So on this case the 99% confidence interval would be given by (0.783;0.857)

So then we can conclude that at 99% of confidence the true mean is between (0.783;0.857) and the specification is satisfied since the value of 0.8 is on the confidence interval

Step-by-step explanation:

Previous concepts

A confidence interval is "a range of values that’s likely to include a population value with a certain degree of confidence. It is often expressed a % whereby a population means lies between an upper and lower interval".

The margin of error is the range of values below and above the sample statistic in a confidence interval.
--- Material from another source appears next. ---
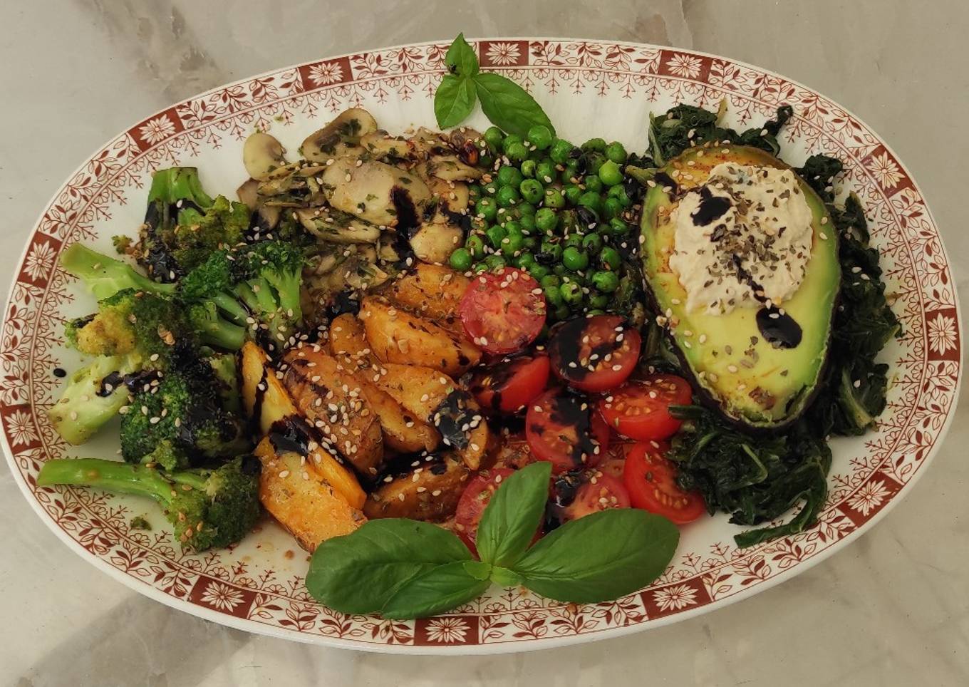 Hello everybody, it's me, Dave, welcome to my recipe site. Today, I'm gonna show you how to prepare a distinctive dish, Patatas, verduras, tomatitos y aguacate con hummus de berenjena. It is one of my favorites. For mine, I will make it a little bit tasty. This is gonna smell and look delicious.

Normal distribution, is a "probability distribution that is symmetric about the mean, showing that data near the mean are more frequent in occurrence than data far from the mean".

$\bar X= 0.82$ represent the sample mean

$\mu$ population mean (variable of interest)

s=0.048 represent the sample standard deviation

n=15 represent the sample size  

Solution to the problem

The confidence interval for the mean is given by the following formula:

$\bar X \pm t_{\alpha/2}\frac{s}{\sqrt{n}}$   (1)

In order to calculate the critical value $t_{\alpha/2}$ we need to find first the degrees of freedom, given by:

$df=n-1=15-1=14$

Since the Confidence is 0.99 or 99%, the value of $\alpha=0.01$ and $\alpha/2 =0.005$, and we can use excel, a calculator or a table to find the critical value. The excel command would be: "=-T.INV(0.005,14)".And we see that $t_{\alpha/2}=2.977$

Now we have everything in order to replace into formula (1):

$0.82-2.977\frac{0.048}{\sqrt{15}}=0.783$    

$0.82+2.977\frac{0.048}{\sqrt{15}}=0.857$    

So on this case the 99% confidence interval would be given by (0.783;0.857)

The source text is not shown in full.